___ Data for this exercise

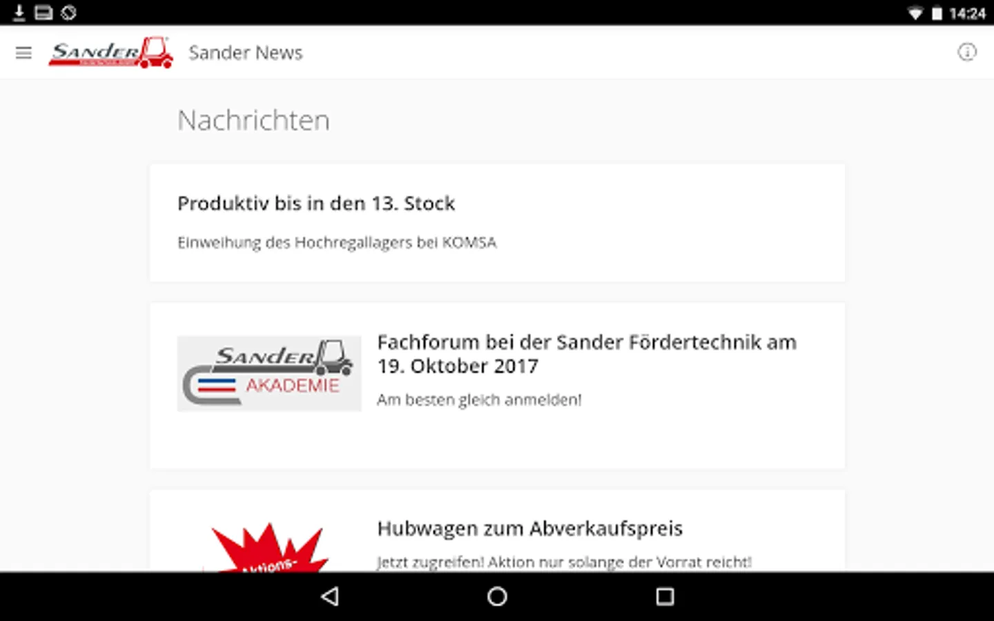 This app provides the latest information and news about the company Sander Fördertechnik GmbH. It contains the latest news from the company. Prospects, customers and employees thus always and everywhere remain up to date. On the private messaging feature has the ability to quickly and easily get in touch and stay.
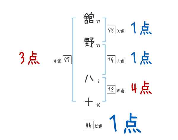 舘野八十さんの画数の鑑定結果
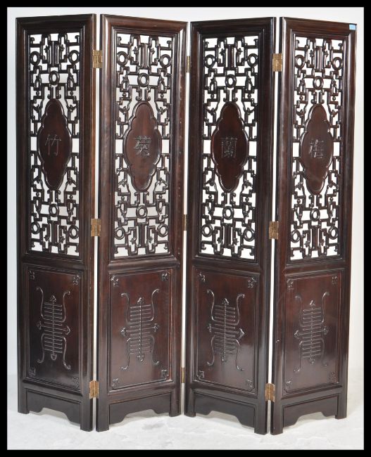 A large 20th Century Chinese padauk wood four panel folding discretionary screen room divider having lacquer finish. Carved frer pierced decoration with central panels depicting birds and flora. Raised over medallion set panels.
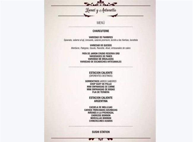 Thực đơn trong tiệc cưới của Messi và Antonella, với nhiều món ăn đặc trưng của địa phương. Menu bắt đầu với một loạt loại thịt, pho mát, jambon, bánh mì, salad. Với bánh mỳ, Messi bố trí riêng một thợ làm bánh ngay tại lò để phục vụ. Tiếp theo, khách mời có thể lựa chọn nhiều hương vị khác nhau như gà, bánh nhân thịt và thịt bò, bên cạnh các món ăn đặc sản của Argentina như mề áp chảo, hun khói carvery, dồi lợn nướng, xúc xích và bánh pudding.
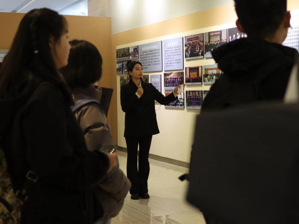 活动开始,在院学生会带领下全体2023级新生共唱校歌。随后,各新生班级依序在校史馆工作人员的讲解声下观看了学校展览。学校历史发展的时间清晰明了,伴随着讲解,同学们了解了我校悠久的办学历史、鲜明的办学特色和卓越的办学成就,对ayxty.com“博学明德,经世致用”校训有了更深的体悟。当看到“航空母舰使用的海工钢、高铁使用的钢轨、嫦娥五号卫星使用的光学仪器组件”等科技产品都有ayxty.com的身影时,同学们兴奋之情溢于言表,他们对我校硕果累累的育人史有了更深刻的认知。
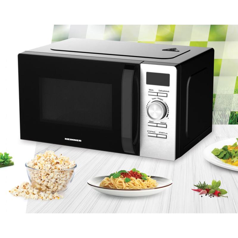 CUPTOR CU MICROUNDE HEINNER HMW-D2060BK, CAPACITATE 20L, CONTROL DIGITAL, DISPLAY LED, PUTERE CUPTOR 700W, 5 TREPTE DE PUTERE, 8 PROGRAME DE GATIRE AUTOMATE, TIMER, TIMP MAXIM DE GATIRE 60 MIN, FUNCTIE DECONGELARE, SEMNAL SONOR LA FINALIZAREA PROGRAMULUI,

______

#### What is required
Every line from the top of the entries through the line that holds "活动开始,在院学生会带领下全" is to be quoted exactly, please, and nothing else; omit the pictures.

#### Response to the exercise
 This app provides the latest information and news about the company Sander Fördertechnik GmbH. It contains the latest news from the company. Prospects, customers and employees thus always and everywhere remain up to date. On the private messaging feature has the ability to quickly and easily get in touch and stay.
 舘野八十さんの画数の鑑定結果
 A large 20th Century Chinese padauk wood four panel folding discretionary screen room divider having lacquer finish. Carved frer pierced decoration with central panels depicting birds and flora. Raised over medallion set panels.
 Thực đơn trong tiệc cưới của Messi và Antonella, với nhiều món ăn đặc trưng của địa phương. Menu bắt đầu với một loạt loại thịt, pho mát, jambon, bánh mì, salad. Với bánh mỳ, Messi bố trí riêng một thợ làm bánh ngay tại lò để phục vụ. Tiếp theo, khách mời có thể lựa chọn nhiều hương vị khác nhau như gà, bánh nhân thịt và thịt bò, bên cạnh các món ăn đặc sản của Argentina như mề áp chảo, hun khói carvery, dồi lợn nướng, xúc xích và bánh pudding.
 活动开始,在院学生会带领下全体2023级新生共唱校歌。随后,各新生班级依序在校史馆工作人员的讲解声下观看了学校展览。学校历史发展的时间清晰明了,伴随着讲解,同学们了解了我校悠久的办学历史、鲜明的办学特色和卓越的办学成就,对ayxty.com“博学明德,经世致用”校训有了更深的体悟。当看到“航空母舰使用的海工钢、高铁使用的钢轨、嫦娥五号卫星使用的光学仪器组件”等科技产品都有ayxty.com的身影时,同学们兴奋之情溢于言表,他们对我校硕果累累的育人史有了更深刻的认知。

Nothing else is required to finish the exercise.